Batch writes stdout+stderr to a single CloudWatch Log stream per job. ScriptHut reads them via logs:GetLogEvents. The "error" log tab in the UI shows a note pointing you to the "output" tab.

Git workflows on Batch

There is no shared filesystem, so ScriptHut resolves the commit SHA locally (via git ls-remote) and passes it to each container as environment variables. The generated bash script includes a git clone + git checkout block that runs before the task command:

# Injected automatically for git workflows
_SCRIPTHUT_CLONE_DIR="${SCRIPTHUT_CLONE_DIR:-/tmp/scripthut-src}"
if [ ! -d "$_SCRIPTHUT_CLONE_DIR/.git" ]; then
    git clone "$SCRIPTHUT_GIT_REPO" "$_SCRIPTHUT_CLONE_DIR"
fi
(cd "$_SCRIPTHUT_CLONE_DIR" && git fetch --all --tags && git checkout $SCRIPTHUT_GIT_SHA)

The container must have git and bash installed. For private repositories, configure a deploy key inside the container image or mount credentials via the container's IAM role.

AWS Credentials

ScriptHut never stores AWS credentials in scripthut.yaml. It uses boto3's standard credential resolution chain:

  1. Environment variablesAWS_ACCESS_KEY_ID, AWS_SECRET_ACCESS_KEY, AWS_SESSION_TOKEN, AWS_DEFAULT_REGION.
  2. Shared credentials file~/.aws/credentials selected via aws.profile. Populate with aws configure or aws configure sso --profile <name>.
  3. IAM role attached to the host — when scripthut runs on EC2, ECS, EKS, or Fargate, the instance/task role is used automatically. This is the recommended setup for production deployments — no credentials are stored on disk.

Pick whichever matches how you operate scripthut:

aws configure --profile scripthut
# Enter access key, secret key, region
backends:
  - name: aws-batch
    type: batch
    aws:
      profile: scripthut
      region: us-east-1
      job_queue: my-queue
    default_image: ghcr.io/org/image:latest
aws configure sso --profile scripthut-sso
aws sso login --profile scripthut-sso

Then set aws.profile: scripthut-sso. The session token is refreshed automatically by boto3.

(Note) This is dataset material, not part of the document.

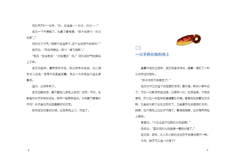 忽然,波亚打了一个喷嚏。他想起奶奶说过的话,打喷嚏说明有人在想你。难道是爸爸和妈妈?难道有火眼金睛的他们看出了自己想逃学?难道他们已经追来了?
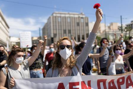 Police estimated about 6,500 striking workers gathered outside parliament, many waving red flags and banners reading 'we won't become slaves of the 21st century'

export AWS_ACCESS_KEY_ID=AKIA...
export AWS_SECRET_ACCESS_KEY=...
export AWS_DEFAULT_REGION=us-east-1
scripthut

Leave aws.profile unset.

Attach an IAM role to the EC2 instance (or ECS task) running scripthut. No configuration needed on the scripthut side — boto3 picks it up from the instance metadata service automatically. Leave aws.profile unset.

Minimum IAM permissions

The principal ScriptHut runs as needs the following permissions. Scope the resource ARNs to your specific queue and log group in production:

{
  "Version": "2012-10-17",
  "Statement": [
    {
      "Sid": "BatchSubmitAndMonitor",
      "Effect": "Allow",
      "Action": [
        "batch:SubmitJob",
        "batch:DescribeJobs",
        "batch:ListJobs",
        "batch:CancelJob",
        "batch:TerminateJob",
        "batch:RegisterJobDefinition",
        "batch:DescribeJobQueues",
        "batch:DescribeComputeEnvironments"
      ],
      "Resource": "*"
    },
    {
      "Sid": "ReadBatchLogs",
      "Effect": "Allow",
      "Action": ["logs:GetLogEvents"],
      "Resource": "arn:aws:logs:*:*:log-group:/aws/batch/job:*"
    }
  ]
}

If you set job_role_arn or execution_role_arn, the principal also needs iam:PassRole on those specific role ARNs.

AWS EC2 Backend

Launches one dedicated EC2 instance per task, docker runs the task's container via user-data, reconciles completion over SSH tunnelled through SSM Session Manager, and terminates the instance after archiving the log. Authentication uses a one-shot SSH key pushed via EC2 Instance Connect (valid 60 s) per connection — there is no persistent key material, no EC2 KeyPair, and no inbound port 22.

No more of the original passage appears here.